--- Data extracts Enclosed Below ---

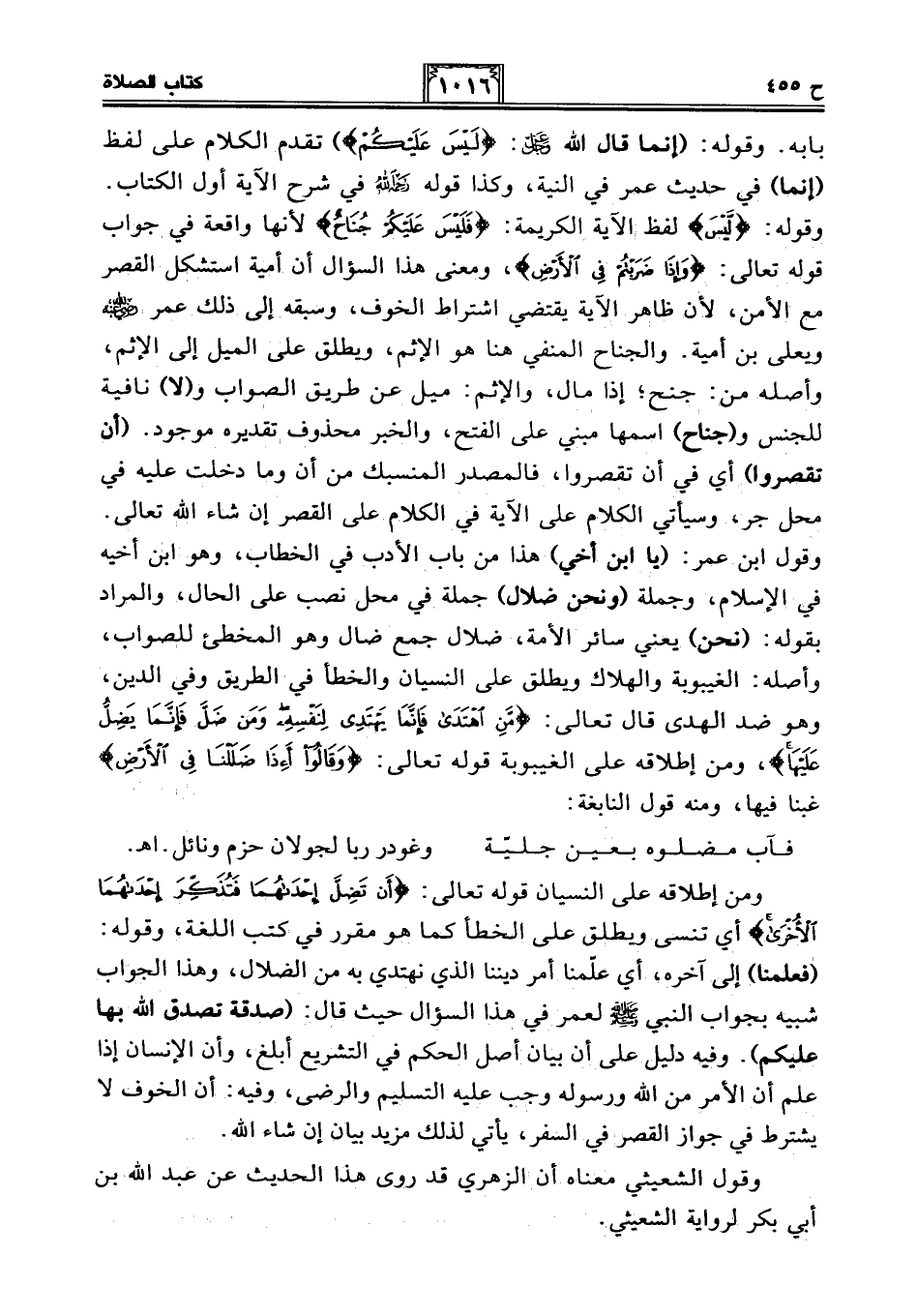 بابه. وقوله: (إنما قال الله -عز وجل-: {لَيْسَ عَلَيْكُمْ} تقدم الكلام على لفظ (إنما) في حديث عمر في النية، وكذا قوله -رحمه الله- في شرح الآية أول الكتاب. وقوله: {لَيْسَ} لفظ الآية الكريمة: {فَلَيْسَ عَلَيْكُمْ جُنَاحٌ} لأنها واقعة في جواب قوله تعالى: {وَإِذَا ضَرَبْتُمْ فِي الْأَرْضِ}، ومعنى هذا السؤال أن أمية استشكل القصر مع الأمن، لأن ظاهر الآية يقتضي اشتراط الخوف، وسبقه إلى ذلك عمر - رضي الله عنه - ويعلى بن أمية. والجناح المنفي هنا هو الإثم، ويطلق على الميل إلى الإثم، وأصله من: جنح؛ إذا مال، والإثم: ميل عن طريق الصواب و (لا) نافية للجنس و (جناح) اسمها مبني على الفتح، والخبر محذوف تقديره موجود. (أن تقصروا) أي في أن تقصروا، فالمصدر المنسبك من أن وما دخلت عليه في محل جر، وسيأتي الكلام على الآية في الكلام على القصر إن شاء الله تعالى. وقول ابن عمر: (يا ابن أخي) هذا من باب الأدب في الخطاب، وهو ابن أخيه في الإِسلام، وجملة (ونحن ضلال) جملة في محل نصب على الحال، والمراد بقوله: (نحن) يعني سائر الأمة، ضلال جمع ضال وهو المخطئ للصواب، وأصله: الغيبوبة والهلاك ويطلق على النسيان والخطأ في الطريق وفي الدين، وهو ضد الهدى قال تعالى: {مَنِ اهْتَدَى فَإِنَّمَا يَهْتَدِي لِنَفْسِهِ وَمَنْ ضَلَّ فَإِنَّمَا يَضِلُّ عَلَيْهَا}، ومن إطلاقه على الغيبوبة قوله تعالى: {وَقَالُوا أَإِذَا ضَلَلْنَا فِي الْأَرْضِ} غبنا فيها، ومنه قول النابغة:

--- End of Enclosed Data extracts ---
--- Data extracts Enclosed Below ---

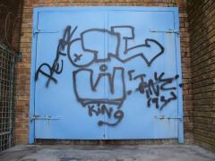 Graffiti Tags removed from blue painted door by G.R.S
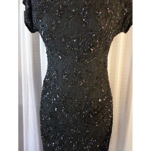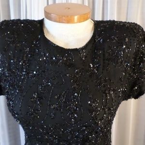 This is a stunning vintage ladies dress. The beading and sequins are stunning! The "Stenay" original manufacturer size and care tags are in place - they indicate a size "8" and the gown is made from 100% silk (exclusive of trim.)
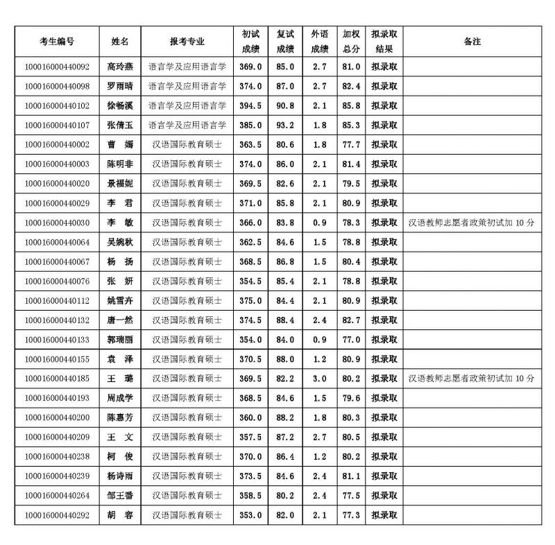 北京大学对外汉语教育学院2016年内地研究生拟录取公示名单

--- End of Enclosed Data extracts ---
--- Data extracts Enclosed Below ---

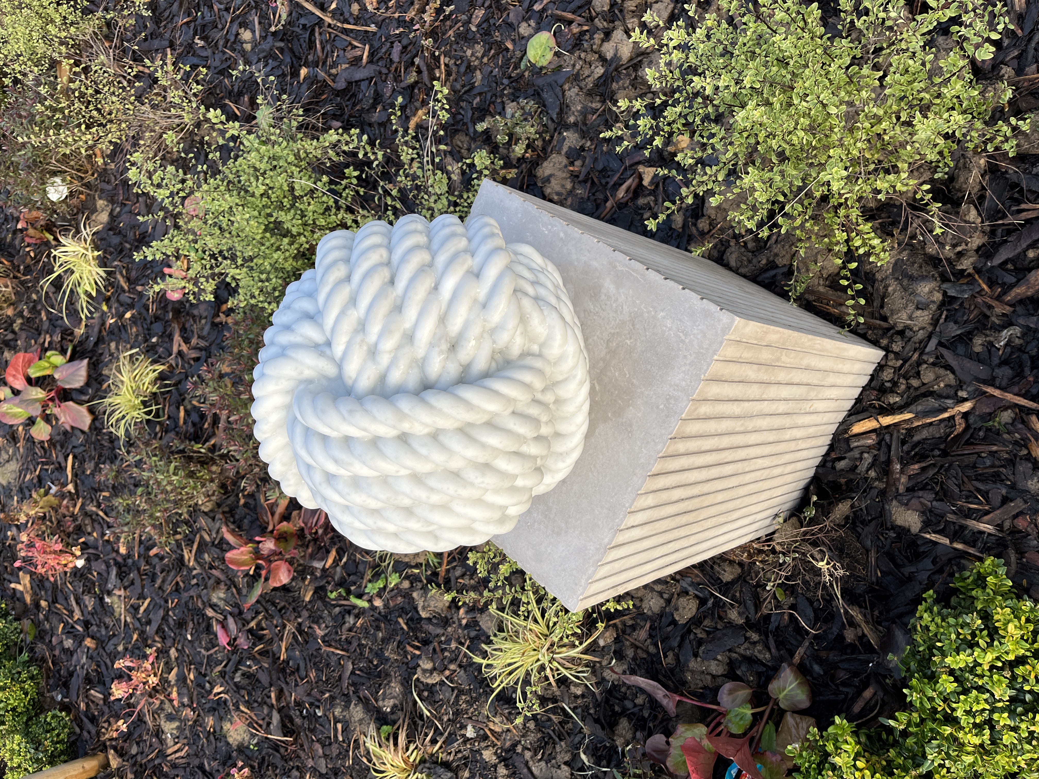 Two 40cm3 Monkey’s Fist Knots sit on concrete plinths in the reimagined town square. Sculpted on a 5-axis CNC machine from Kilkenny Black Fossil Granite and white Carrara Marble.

--- End of Enclosed Data extracts ---

Copy the listing above exactly, but only from the line with "Graffiti Tags removed" through the line with "北京大学对外汉语教育学院2016年内地研究生拟录取公示名单", including those two lines and excluding any picture.

 Graffiti Tags removed from blue painted door by G.R.S
 This is a stunning vintage ladies dress. The beading and sequins are stunning! The "Stenay" original manufacturer size and care tags are in place - they indicate a size "8" and the gown is made from 100% silk (exclusive of trim.)
 北京大学对外汉语教育学院2016年内地研究生拟录取公示名单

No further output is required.